The Problem of Record Completeness in B2B Marketing
Today, contact records are used for more than simply getting in touch with the prospect or customer. Fields are used for lead routing, content serving, analytics, and segmentation purposes. Understanding as much as possible about a contact can help to tailor a prospect or customer’s experience interacting with your brand for both inbound and outbound channels. Data should not only be accurate, but as complete as possible.
Recently, NetProspex conducted a comprehensive analysis of business contact records, compiling the findings into The State of Marketing Data 2013, a first-of-its-kind Marketing Data Benchmark Report. Over 100M records were collected, representing both prospect and customer records, and were scored on a standardized five-point scale called the NetProspex Data Health Scale. Ratings ranged from “1”, which indicates a “Risky” status (less marketable), to “5” which is defined as “Optimal” (or more marketable).
In this study, we defined record completeness with the following data fields: First Name, Last Name, Company Name, Job Title, URL, Phone, Email, Mailing address, Industry, Revenue, and Number of Employees. These fields allow for multiple methods of contact, as well as basic segmentation and lead routing.
On average, study respondents’ databases were not complete enough to allow for effective segmentation and multiple methods of contact. While a reasonable amount of incomplete records are expected in a database that gets built incrementally with each prospect interaction, our study discovered the average 2.5 rating indicates marketers are relying on databases that are nearly 50 percent incomplete! This puts marketers at a huge disadvantage.
It isn’t all bad news. There are tools such as progressive profiling and registration form append services that help to improve the accuracy of—or supplement data—captured from inbound sources. However, when buying records from third-party data sources marketers should be mindful of record completeness, and only accept data partnerships with vendors who provide full and complete contacts.
Remember, prospect records with complete profiles provide marketers more options for segmenting and delivering targeted messaging for a higher probability of success. It allows for more robust lead scoring using such fields as job title and company size, as well as proper routing to sales, an area where all marketers could do better.

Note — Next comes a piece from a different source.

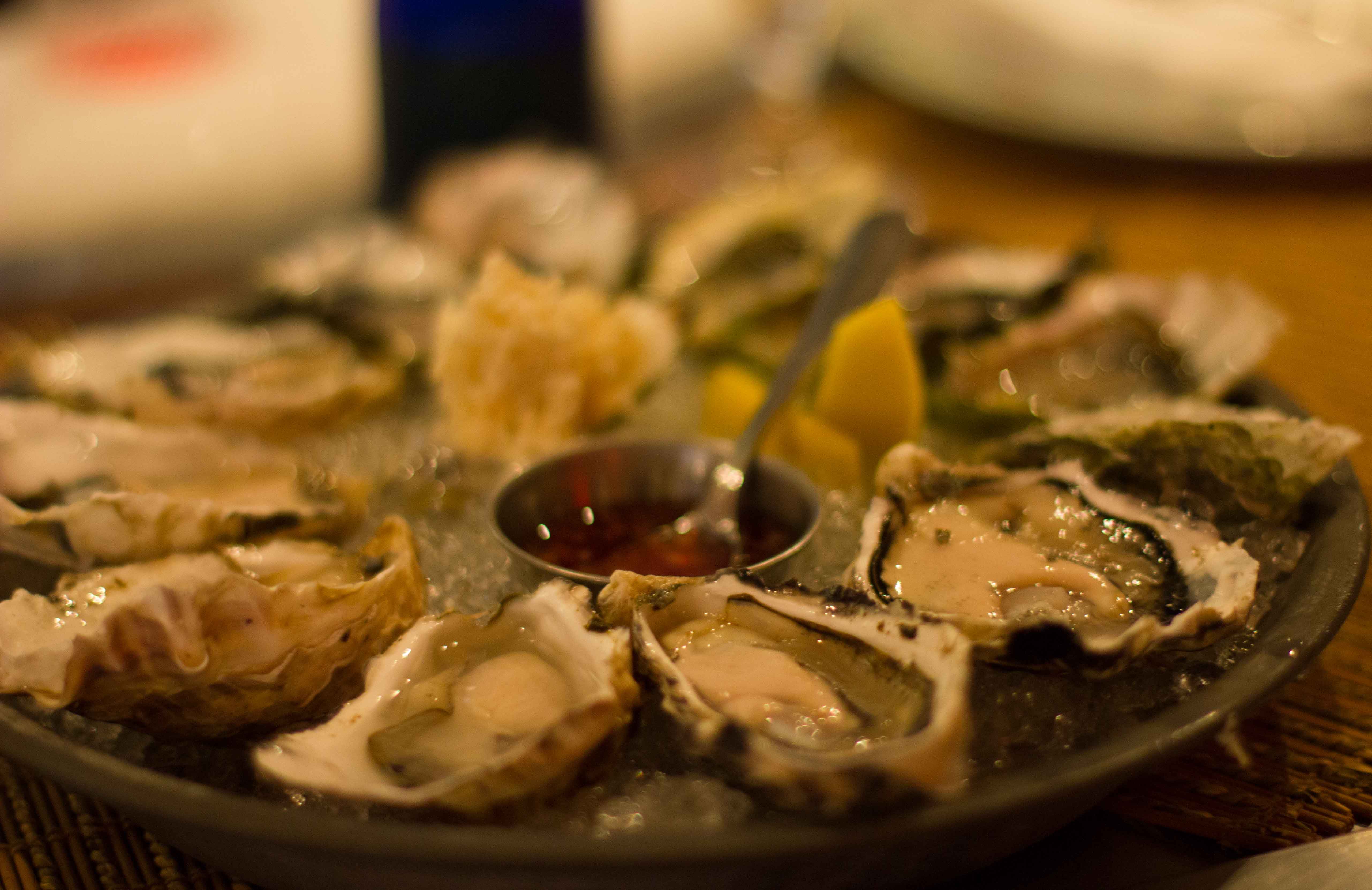 The bar advertises a Happy Hour special of a dozen oysters for $9.95, but I was informed that due to the season, they weren’t able to offer that. Instead, I ordered them at their regular price of 6 for $9.95. I have to admit that even at regular price, it’s still a good deal.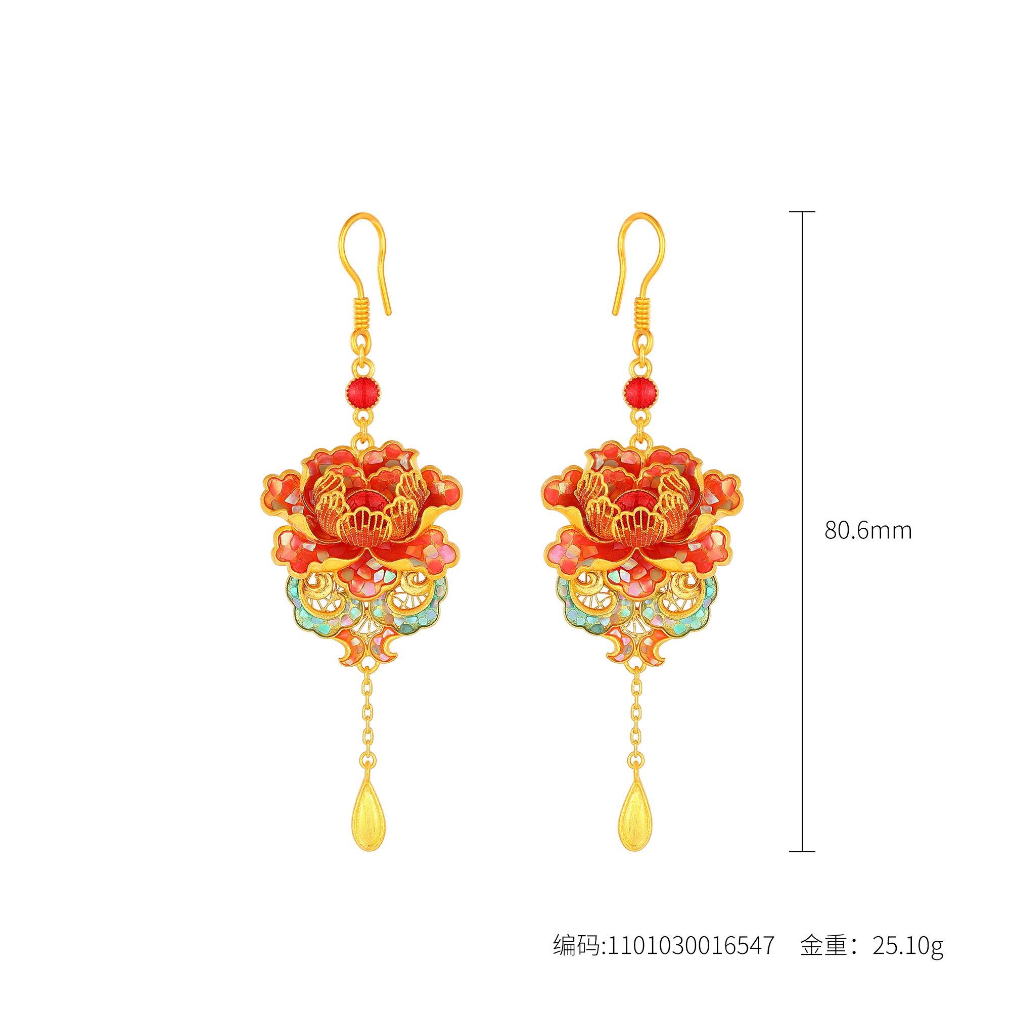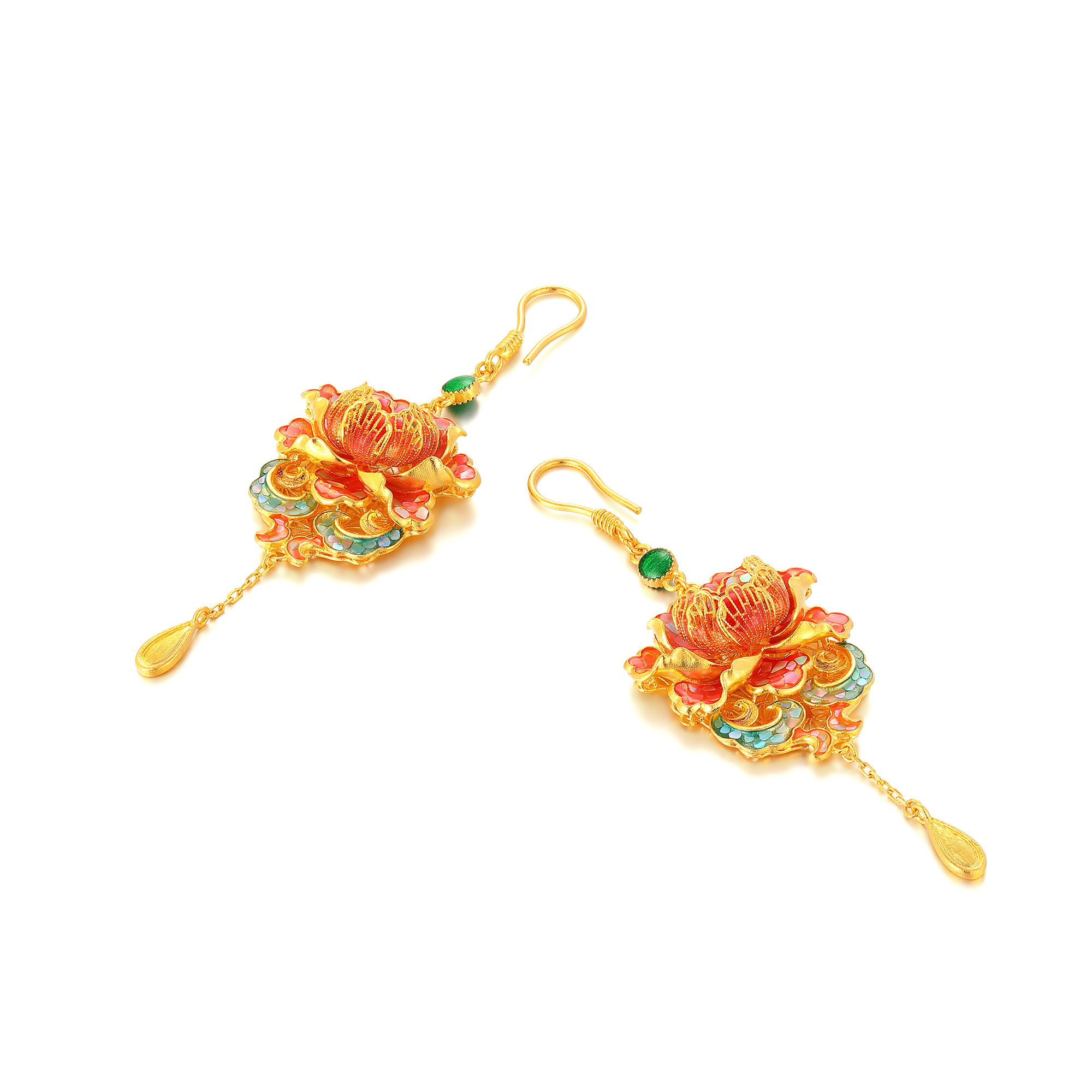 古法奢华典雅点螺鎏彩盛世牡丹耳钩

Undeniably, record completeness is one best practice that has a direct, quantifiable impact on your marketing program’s effectiveness. In fact, the Relevancy Group reports untargeted email programs due to lack of information about leads increase costs by as much as 3.6X! The numbers don’t lie: companies should not be making messaging or segmentation decisions based on assumptions about the prospect because they lack the data.
It might be time to ask yourself: how complete is your database?